书中对裴云珞描述不多,只说他起事失败,后被打入天牢。
他每次出场作者都用二皇子代称,以至于她对他名字印象不深,所以珞爷出现时,她竟没反应过来。
“即便不知道他的身份,也该知道他是个男人。你是女子,岂能如此心无旁骛地出入他的府邸。”
她眸露讽刺:“你不也是个男人?”
裴云祁脸色微沉。
她的语气中带着点怨怼:“若不是你,我与他就是生意往来。至于皇事琐碎都与我无关,你若真为我好,就该离我远一些。”
话罢,她转身就往来时方向走。
可还未踏出一步,她的手腕就被他死死拽住,将她一瞬拉回他的面前。
她刚想发火,却看清他颊上的红彤彤的巴掌印,以及阴沉眸中的暗潮翻涌。
顿时感到心虚不止。
“阿迎,无论你愿不愿意,你早就身在局中,不可能独善其身。孤给了你自由,可这自由为你招来杀身之祸。你即刻随孤返京,不要再胡闹了。”

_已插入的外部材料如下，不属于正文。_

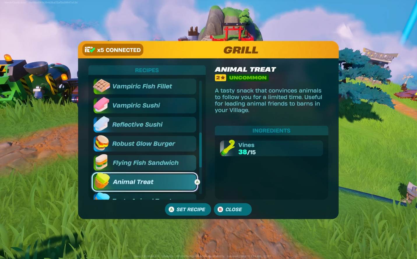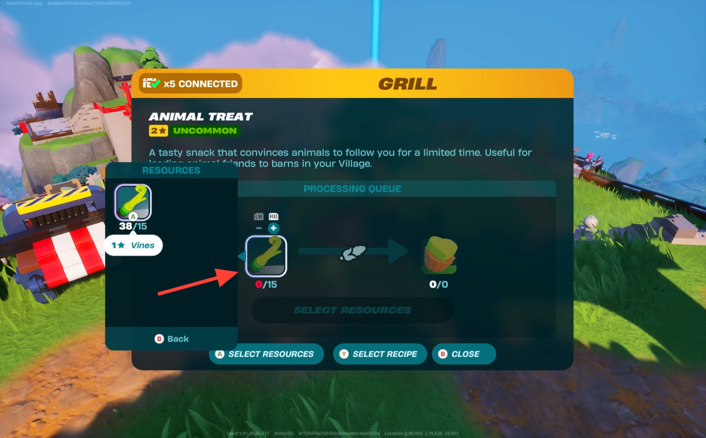 Each Animal Treat requires 15 Vines, so gather enough Vines before beginning.

苏迎难以置信看着她:“谁胡闹了?我不过是想经营铺子,让阿娘过上好日子而已。若非你穷追不舍,我何必东躲西藏。”
“这世上即便没有孤,你靠自己又能安稳到几时?”
“我......”
苏迎被他怼得语塞。
没有他,她也不能摘下面纱,对外示人依旧需打起十二分精神。
先前在南州她就随身携带辣椒粉,出摊地点也选择距离衙门最近的巷子,在安全防范上不敢有丝毫懈怠。
弱质女流行走江湖,实在艰难。
“回去收拾东西,明日没上孤的马车,我就一把火烧了千金楼。”
苏迎浑身汗毛直竖,声音微颤:“你……你不能这么横行霸道。”
他漆眸泛寒:“孤会做到什么程度,你应当是知晓的。”
苏迎僵在原地,从那双点漆瞳孔中看到是滔天权势。
她自以为获得的自由,实际都在他的掌控之下,从未跳脱过皇家牢笼。
从他与她重逢的那一刻起,名叫大浔的金边笼子就将她笼罩其中,无论她怎么震动翅膀都无法飞出去。
她何必自欺欺人。
“二弟已然知晓你是孤的软肋,孤不可能再由你在外头奔走,让你处在成为俘虏的危险中。你是孤的女人,从前是,现在是,往后也不会改变。”
她咬着下唇,指尖来回绞弄着衣袖,迟迟没说话。
他看着她五味杂陈的神情,伸手摘去她发梢上的枯枝,语气放缓些:“孤耐心有限,阿迎,你别逼我。”
最后六个字,语气明明温柔至极,却暗藏着汹涌危机。
就好像她只要说出一个不字,身后悬崖会变成吃人的怪物,张开血盆大口,将她吞吃殆尽。
苏迎才发现,保护自身利益是裴云祁所有行事的前提。
而她,
是他最要紧的利益。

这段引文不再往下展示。